> _PROMPT_
From the material below, set down exactly the lines that run from the one containing "La primera consistiría" to the one containing "Moving back illustration", minus the pictures.

> _MATERIAL PROVIDED_
★ ★ ★ ★ ★

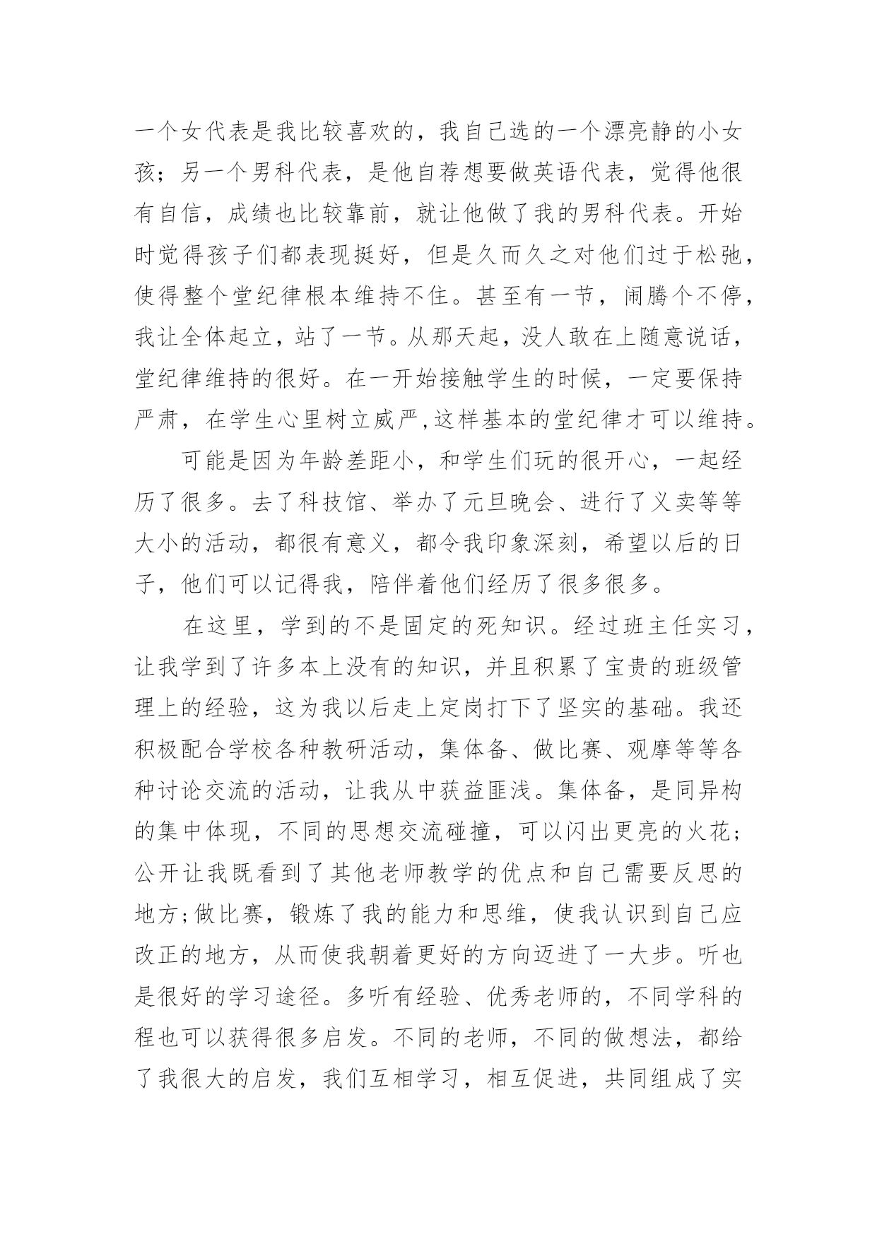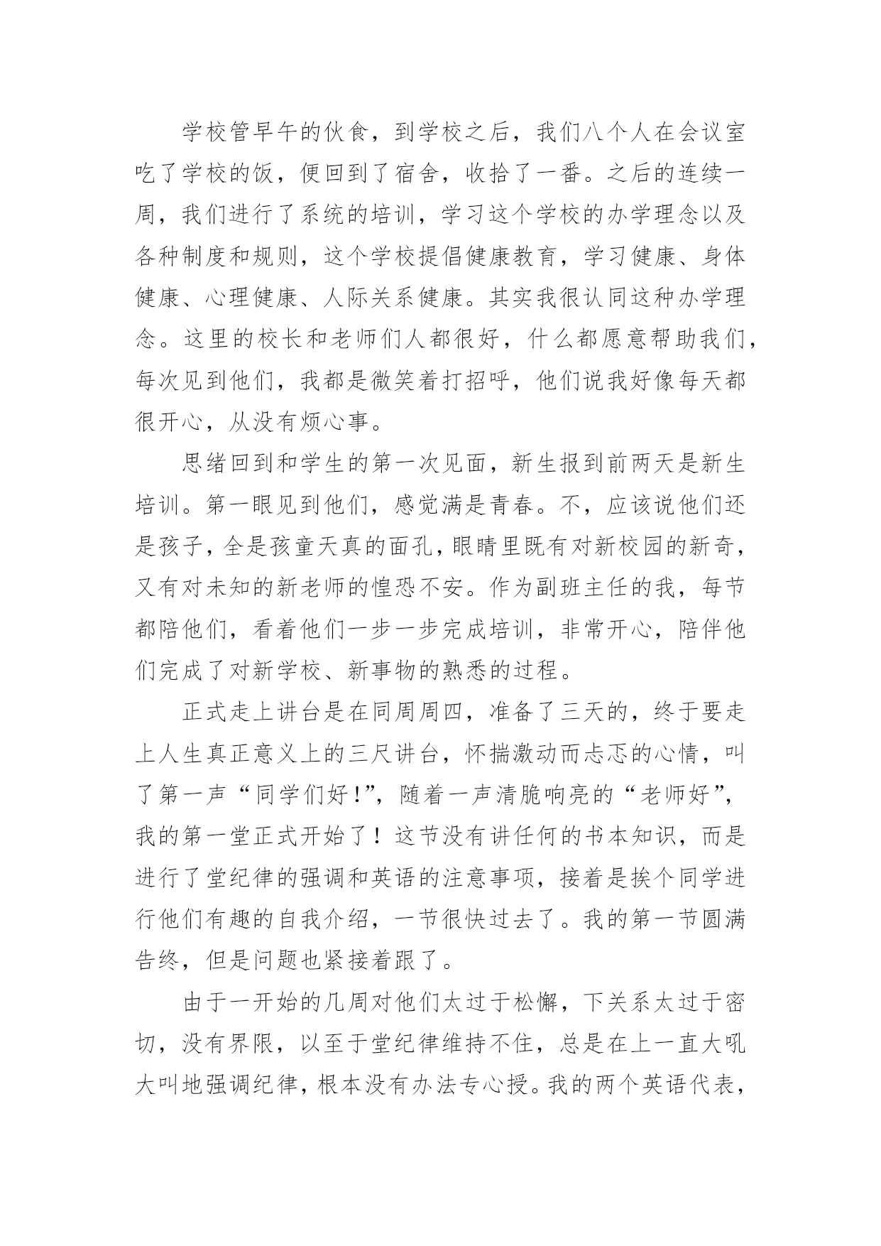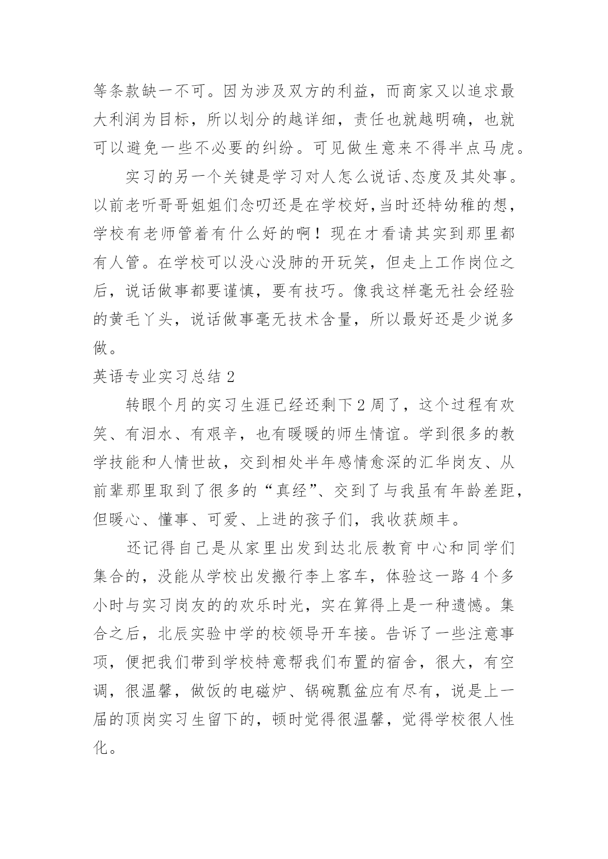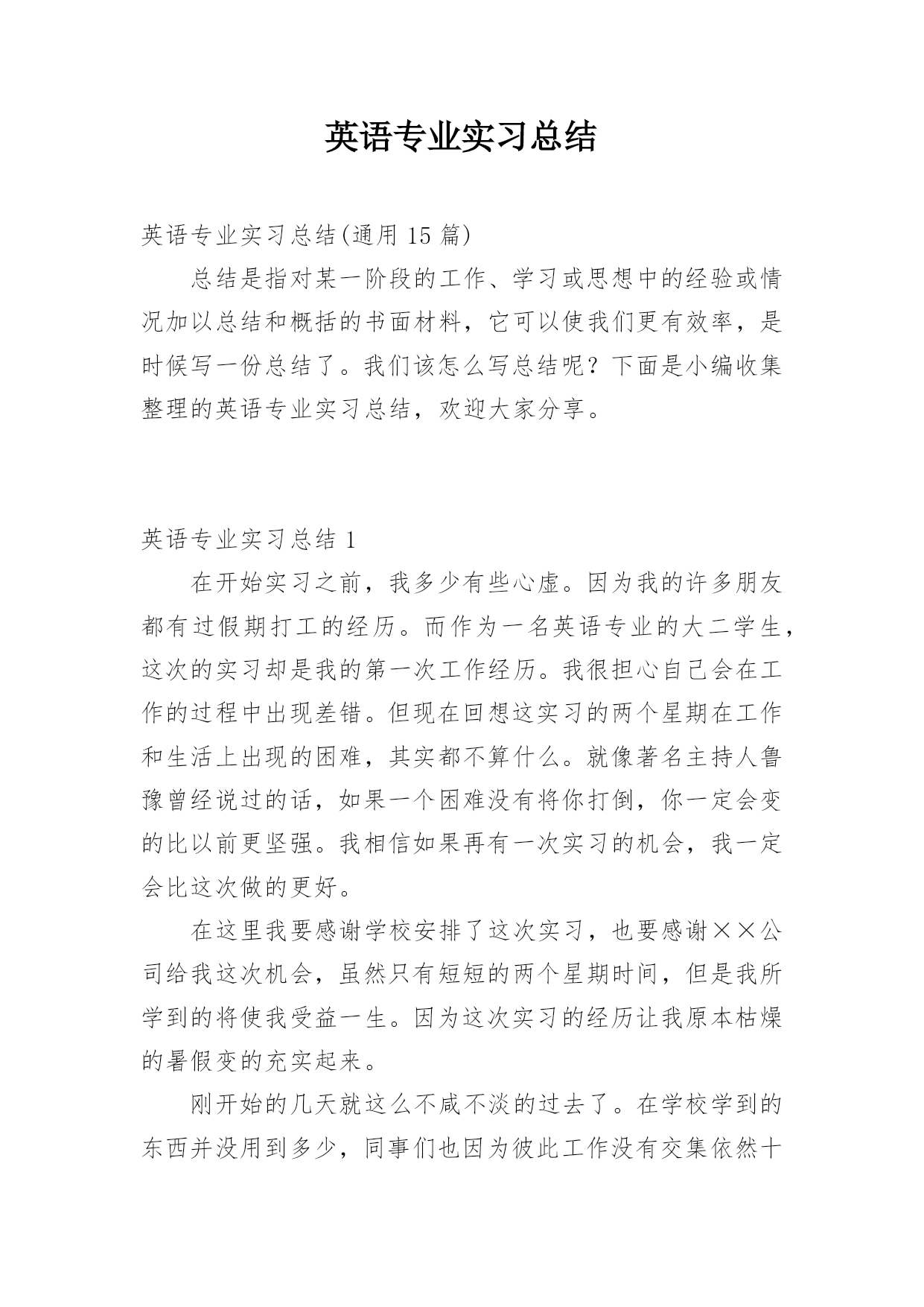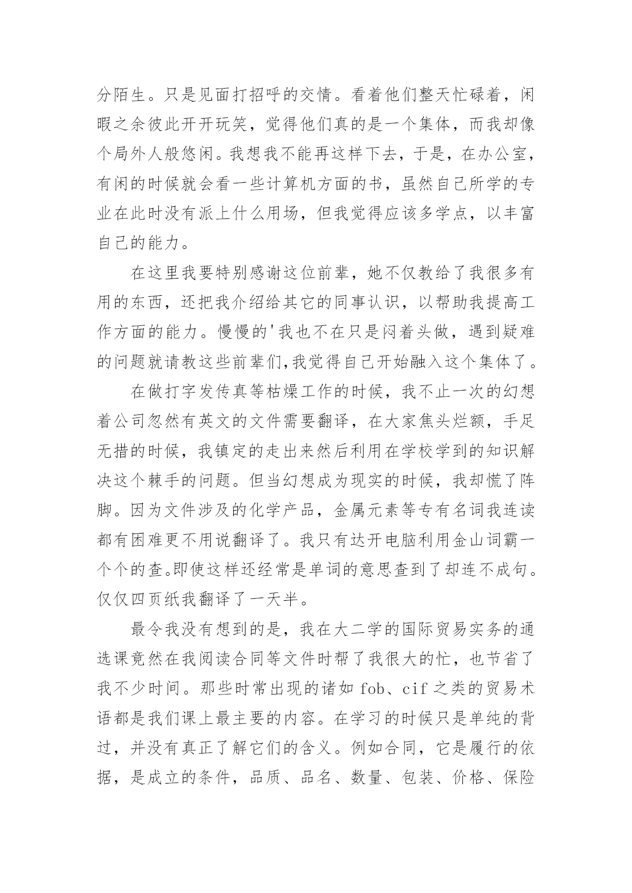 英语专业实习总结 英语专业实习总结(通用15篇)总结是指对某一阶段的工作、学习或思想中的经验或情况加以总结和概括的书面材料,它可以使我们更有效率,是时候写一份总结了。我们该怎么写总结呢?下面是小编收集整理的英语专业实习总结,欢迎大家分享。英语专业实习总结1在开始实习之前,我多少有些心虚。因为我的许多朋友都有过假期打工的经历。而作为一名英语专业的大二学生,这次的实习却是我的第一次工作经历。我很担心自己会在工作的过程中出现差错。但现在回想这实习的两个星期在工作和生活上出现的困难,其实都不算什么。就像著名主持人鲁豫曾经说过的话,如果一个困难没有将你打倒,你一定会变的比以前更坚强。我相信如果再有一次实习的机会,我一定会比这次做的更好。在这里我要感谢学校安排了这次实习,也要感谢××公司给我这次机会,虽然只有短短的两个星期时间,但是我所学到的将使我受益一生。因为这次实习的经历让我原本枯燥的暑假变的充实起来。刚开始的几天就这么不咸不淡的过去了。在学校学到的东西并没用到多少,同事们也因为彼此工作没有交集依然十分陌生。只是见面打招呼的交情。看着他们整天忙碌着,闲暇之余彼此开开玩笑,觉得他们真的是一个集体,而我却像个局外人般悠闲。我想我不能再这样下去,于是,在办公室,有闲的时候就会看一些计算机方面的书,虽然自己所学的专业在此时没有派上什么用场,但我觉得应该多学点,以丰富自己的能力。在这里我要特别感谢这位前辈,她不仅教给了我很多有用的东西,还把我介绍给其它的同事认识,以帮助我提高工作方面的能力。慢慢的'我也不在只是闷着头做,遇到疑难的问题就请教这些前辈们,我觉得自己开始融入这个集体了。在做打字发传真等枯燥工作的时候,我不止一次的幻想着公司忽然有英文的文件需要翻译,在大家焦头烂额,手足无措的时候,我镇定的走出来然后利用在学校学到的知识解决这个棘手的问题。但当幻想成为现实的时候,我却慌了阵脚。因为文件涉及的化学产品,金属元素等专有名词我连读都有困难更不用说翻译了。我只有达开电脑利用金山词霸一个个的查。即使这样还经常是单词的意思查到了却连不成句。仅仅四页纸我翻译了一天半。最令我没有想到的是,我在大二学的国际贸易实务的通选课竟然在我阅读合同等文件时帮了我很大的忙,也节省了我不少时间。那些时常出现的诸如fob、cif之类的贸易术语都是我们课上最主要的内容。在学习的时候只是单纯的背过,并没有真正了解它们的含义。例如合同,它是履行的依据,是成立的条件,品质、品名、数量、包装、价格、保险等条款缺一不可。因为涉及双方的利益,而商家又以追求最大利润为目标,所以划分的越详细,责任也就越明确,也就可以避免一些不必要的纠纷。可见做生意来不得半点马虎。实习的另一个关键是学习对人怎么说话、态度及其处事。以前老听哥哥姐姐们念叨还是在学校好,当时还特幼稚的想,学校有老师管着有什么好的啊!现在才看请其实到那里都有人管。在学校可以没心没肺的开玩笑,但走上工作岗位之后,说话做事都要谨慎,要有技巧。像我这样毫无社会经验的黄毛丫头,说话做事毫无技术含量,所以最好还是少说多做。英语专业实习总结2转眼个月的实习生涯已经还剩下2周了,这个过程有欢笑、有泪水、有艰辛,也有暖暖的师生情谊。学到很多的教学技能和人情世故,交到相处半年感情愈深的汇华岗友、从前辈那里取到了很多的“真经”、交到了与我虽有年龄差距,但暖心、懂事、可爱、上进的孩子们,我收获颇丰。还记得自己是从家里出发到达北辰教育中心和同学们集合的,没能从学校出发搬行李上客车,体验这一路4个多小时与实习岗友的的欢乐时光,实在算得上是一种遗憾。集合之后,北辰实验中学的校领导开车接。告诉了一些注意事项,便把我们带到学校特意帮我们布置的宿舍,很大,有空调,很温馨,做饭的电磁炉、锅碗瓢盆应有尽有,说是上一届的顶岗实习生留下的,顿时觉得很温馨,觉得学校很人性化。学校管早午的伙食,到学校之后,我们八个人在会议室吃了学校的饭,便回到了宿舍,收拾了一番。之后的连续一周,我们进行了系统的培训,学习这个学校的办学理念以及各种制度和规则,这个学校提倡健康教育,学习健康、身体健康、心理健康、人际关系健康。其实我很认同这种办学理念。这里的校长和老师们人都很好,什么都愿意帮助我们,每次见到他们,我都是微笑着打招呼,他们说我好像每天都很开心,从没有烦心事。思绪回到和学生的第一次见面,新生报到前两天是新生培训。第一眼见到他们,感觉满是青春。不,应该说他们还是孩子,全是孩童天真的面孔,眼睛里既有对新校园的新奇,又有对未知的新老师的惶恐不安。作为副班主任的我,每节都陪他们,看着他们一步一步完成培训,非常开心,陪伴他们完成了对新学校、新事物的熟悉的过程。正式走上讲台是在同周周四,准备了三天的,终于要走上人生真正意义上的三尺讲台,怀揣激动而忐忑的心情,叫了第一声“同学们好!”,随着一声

★ ★ ★ ★ ★

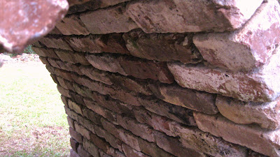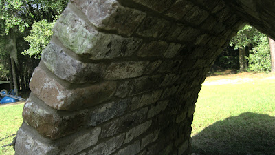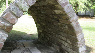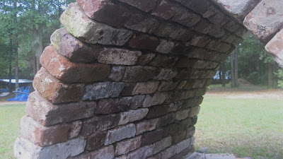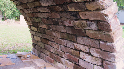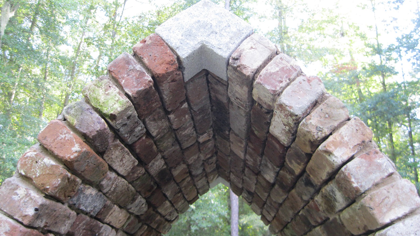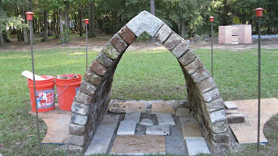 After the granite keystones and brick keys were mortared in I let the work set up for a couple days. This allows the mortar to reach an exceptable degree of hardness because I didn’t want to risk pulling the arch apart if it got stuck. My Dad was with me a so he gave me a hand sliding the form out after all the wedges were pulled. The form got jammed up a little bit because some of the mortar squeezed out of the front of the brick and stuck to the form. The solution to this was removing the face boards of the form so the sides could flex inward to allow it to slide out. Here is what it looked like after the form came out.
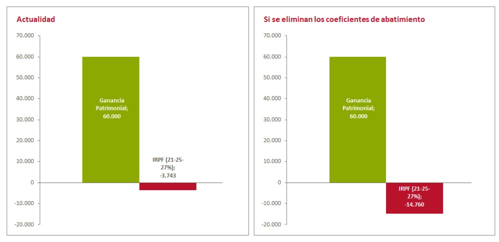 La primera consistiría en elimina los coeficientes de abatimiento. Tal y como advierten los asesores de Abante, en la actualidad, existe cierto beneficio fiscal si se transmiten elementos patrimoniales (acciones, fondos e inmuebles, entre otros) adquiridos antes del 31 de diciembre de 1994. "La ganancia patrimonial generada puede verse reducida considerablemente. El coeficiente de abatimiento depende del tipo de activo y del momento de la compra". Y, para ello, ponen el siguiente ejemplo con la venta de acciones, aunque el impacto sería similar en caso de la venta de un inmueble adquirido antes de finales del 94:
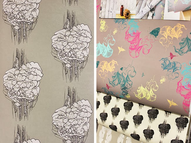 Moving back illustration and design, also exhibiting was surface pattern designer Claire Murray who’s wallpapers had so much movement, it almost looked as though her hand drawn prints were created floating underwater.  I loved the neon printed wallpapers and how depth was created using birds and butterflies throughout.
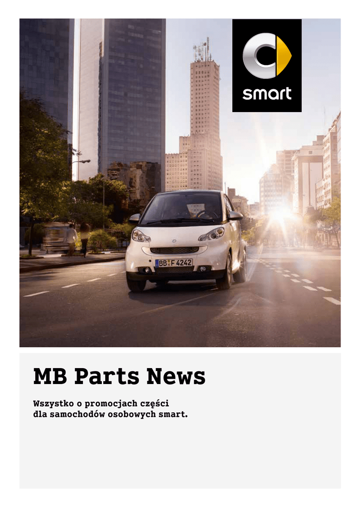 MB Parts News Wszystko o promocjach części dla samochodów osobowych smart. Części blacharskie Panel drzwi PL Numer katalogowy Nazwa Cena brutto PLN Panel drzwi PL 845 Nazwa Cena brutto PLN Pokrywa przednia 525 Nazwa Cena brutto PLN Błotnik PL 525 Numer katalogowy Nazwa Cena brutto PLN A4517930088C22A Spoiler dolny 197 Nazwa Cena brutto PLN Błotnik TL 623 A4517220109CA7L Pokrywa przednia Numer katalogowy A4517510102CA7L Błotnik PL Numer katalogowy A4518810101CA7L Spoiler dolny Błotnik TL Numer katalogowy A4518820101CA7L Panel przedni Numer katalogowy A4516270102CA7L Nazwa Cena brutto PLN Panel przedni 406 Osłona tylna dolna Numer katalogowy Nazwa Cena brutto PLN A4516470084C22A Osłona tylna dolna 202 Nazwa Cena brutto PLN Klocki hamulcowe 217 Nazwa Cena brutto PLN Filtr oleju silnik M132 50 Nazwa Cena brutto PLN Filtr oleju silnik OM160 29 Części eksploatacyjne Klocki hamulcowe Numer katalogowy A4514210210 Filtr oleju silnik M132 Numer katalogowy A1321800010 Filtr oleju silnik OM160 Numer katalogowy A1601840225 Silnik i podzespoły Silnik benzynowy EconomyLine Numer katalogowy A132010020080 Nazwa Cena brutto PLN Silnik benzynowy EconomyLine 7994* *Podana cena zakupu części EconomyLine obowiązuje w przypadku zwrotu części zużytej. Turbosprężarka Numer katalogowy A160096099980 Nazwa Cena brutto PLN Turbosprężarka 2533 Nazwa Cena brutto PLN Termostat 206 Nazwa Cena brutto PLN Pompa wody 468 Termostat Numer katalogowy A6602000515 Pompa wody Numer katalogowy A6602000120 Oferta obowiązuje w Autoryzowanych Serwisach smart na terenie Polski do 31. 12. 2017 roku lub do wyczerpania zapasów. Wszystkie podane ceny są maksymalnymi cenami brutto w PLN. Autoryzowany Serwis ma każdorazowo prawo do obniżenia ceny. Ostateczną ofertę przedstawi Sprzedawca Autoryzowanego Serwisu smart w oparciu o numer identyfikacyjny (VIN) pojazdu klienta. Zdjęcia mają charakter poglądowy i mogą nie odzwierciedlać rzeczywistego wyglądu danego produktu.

★ ★ ★ ★ ★

> _RESULT FOR THIS TASK_
 La primera consistiría en elimina los coeficientes de abatimiento. Tal y como advierten los asesores de Abante, en la actualidad, existe cierto beneficio fiscal si se transmiten elementos patrimoniales (acciones, fondos e inmuebles, entre otros) adquiridos antes del 31 de diciembre de 1994. "La ganancia patrimonial generada puede verse reducida considerablemente. El coeficiente de abatimiento depende del tipo de activo y del momento de la compra". Y, para ello, ponen el siguiente ejemplo con la venta de acciones, aunque el impacto sería similar en caso de la venta de un inmueble adquirido antes de finales del 94:
 Moving back illustration and design, also exhibiting was surface pattern designer Claire Murray who’s wallpapers had so much movement, it almost looked as though her hand drawn prints were created floating underwater.  I loved the neon printed wallpapers and how depth was created using birds and butterflies throughout.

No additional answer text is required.